Aim of the exercise:
Return the listing exactly. Keep no pictures.

Collected material:
□ □ □ □

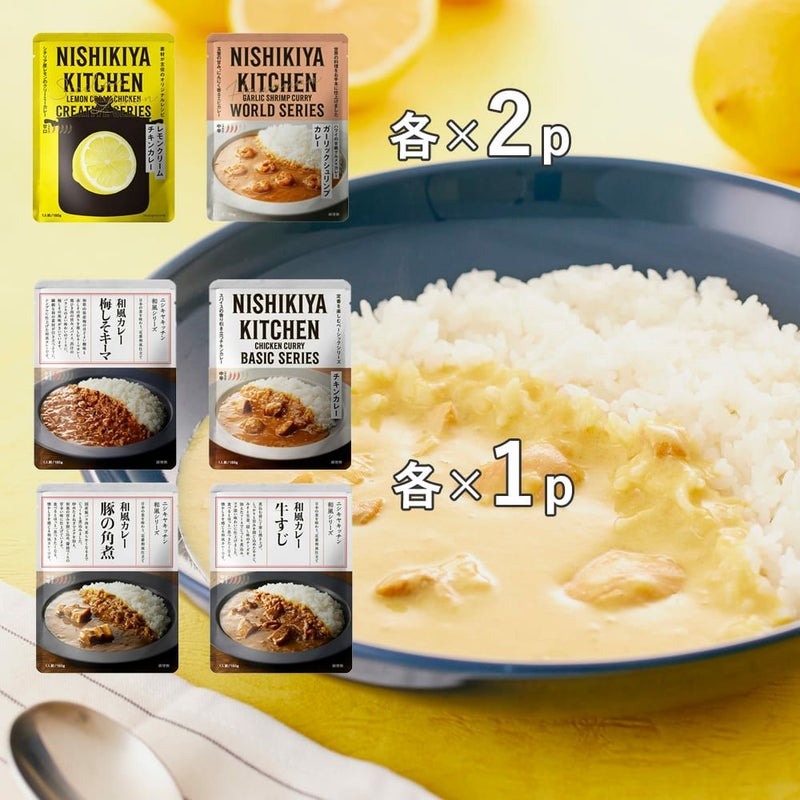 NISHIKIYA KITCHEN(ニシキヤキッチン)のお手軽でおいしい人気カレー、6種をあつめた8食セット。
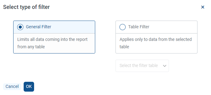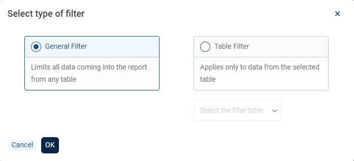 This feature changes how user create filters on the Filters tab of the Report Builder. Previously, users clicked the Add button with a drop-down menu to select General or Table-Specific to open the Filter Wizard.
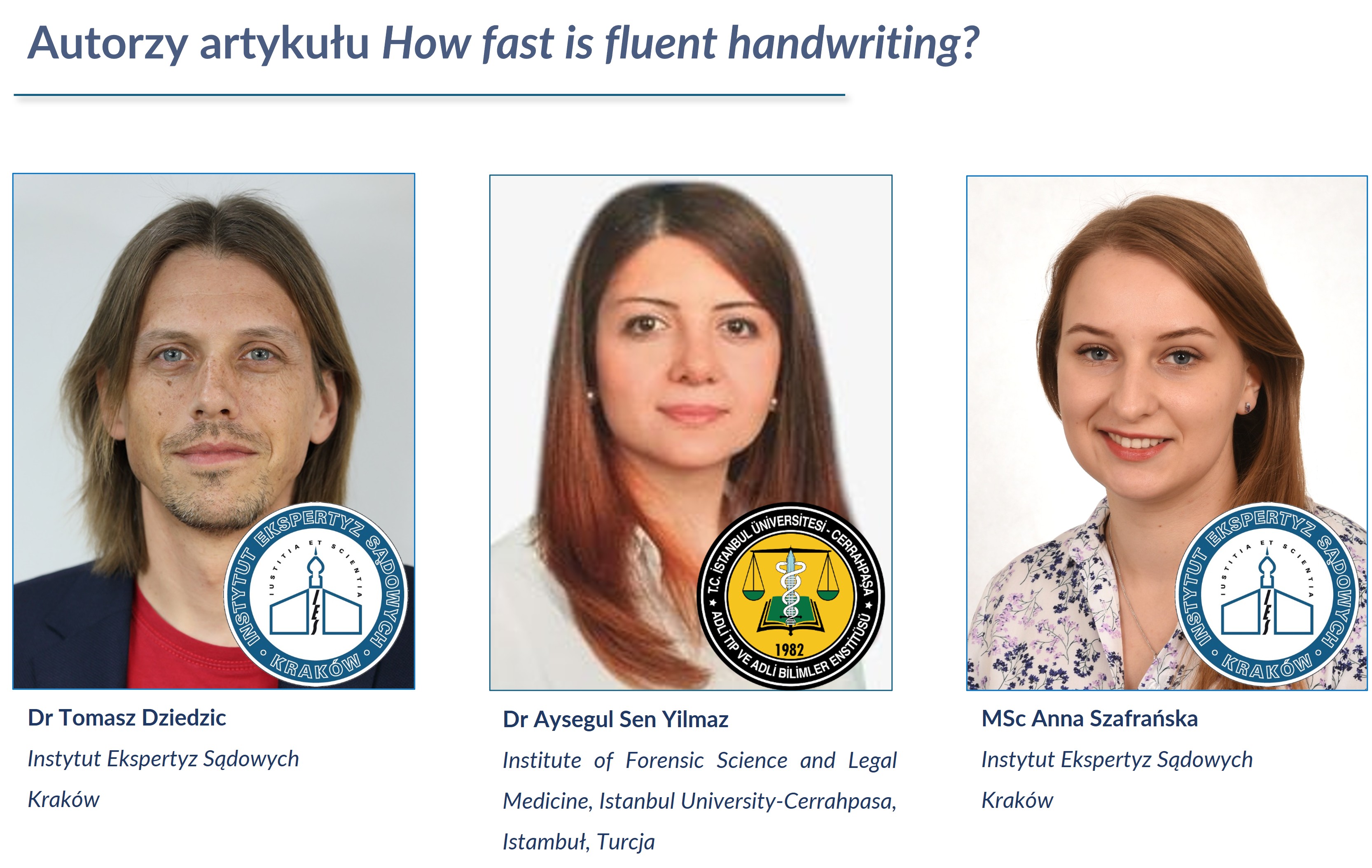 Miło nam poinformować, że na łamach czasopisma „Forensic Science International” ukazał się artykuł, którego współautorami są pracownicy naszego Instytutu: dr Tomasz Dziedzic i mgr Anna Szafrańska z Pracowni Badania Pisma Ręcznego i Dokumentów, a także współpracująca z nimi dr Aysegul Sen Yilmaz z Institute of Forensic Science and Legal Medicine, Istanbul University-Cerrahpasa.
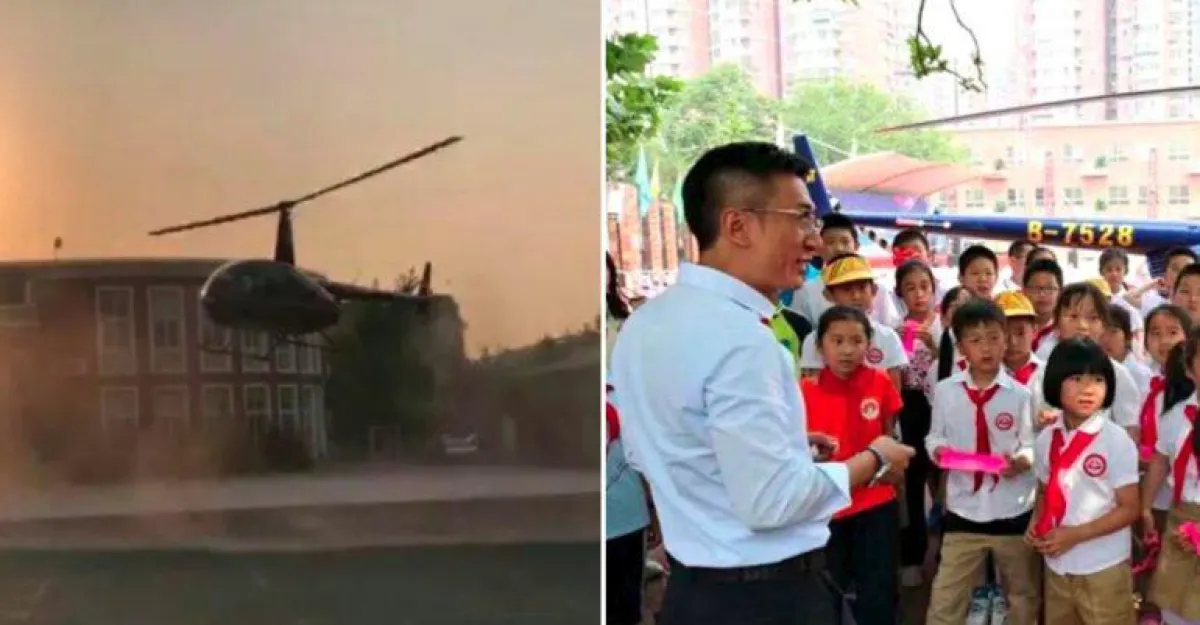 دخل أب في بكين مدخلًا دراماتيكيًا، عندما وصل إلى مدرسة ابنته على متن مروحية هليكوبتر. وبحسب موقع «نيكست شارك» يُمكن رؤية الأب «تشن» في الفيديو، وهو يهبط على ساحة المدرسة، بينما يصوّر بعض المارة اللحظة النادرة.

□ □ □ □

Reply to the task:
 NISHIKIYA KITCHEN(ニシキヤキッチン)のお手軽でおいしい人気カレー、6種をあつめた8食セット。
 This feature changes how user create filters on the Filters tab of the Report Builder. Previously, users clicked the Add button with a drop-down menu to select General or Table-Specific to open the Filter Wizard.
 Miło nam poinformować, że na łamach czasopisma „Forensic Science International” ukazał się artykuł, którego współautorami są pracownicy naszego Instytutu: dr Tomasz Dziedzic i mgr Anna Szafrańska z Pracowni Badania Pisma Ręcznego i Dokumentów, a także współpracująca z nimi dr Aysegul Sen Yilmaz z Institute of Forensic Science and Legal Medicine, Istanbul University-Cerrahpasa.
 دخل أب في بكين مدخلًا دراماتيكيًا، عندما وصل إلى مدرسة ابنته على متن مروحية هليكوبتر. وبحسب موقع «نيكست شارك» يُمكن رؤية الأب «تشن» في الفيديو، وهو يهبط على ساحة المدرسة، بينما يصوّر بعض المارة اللحظة النادرة.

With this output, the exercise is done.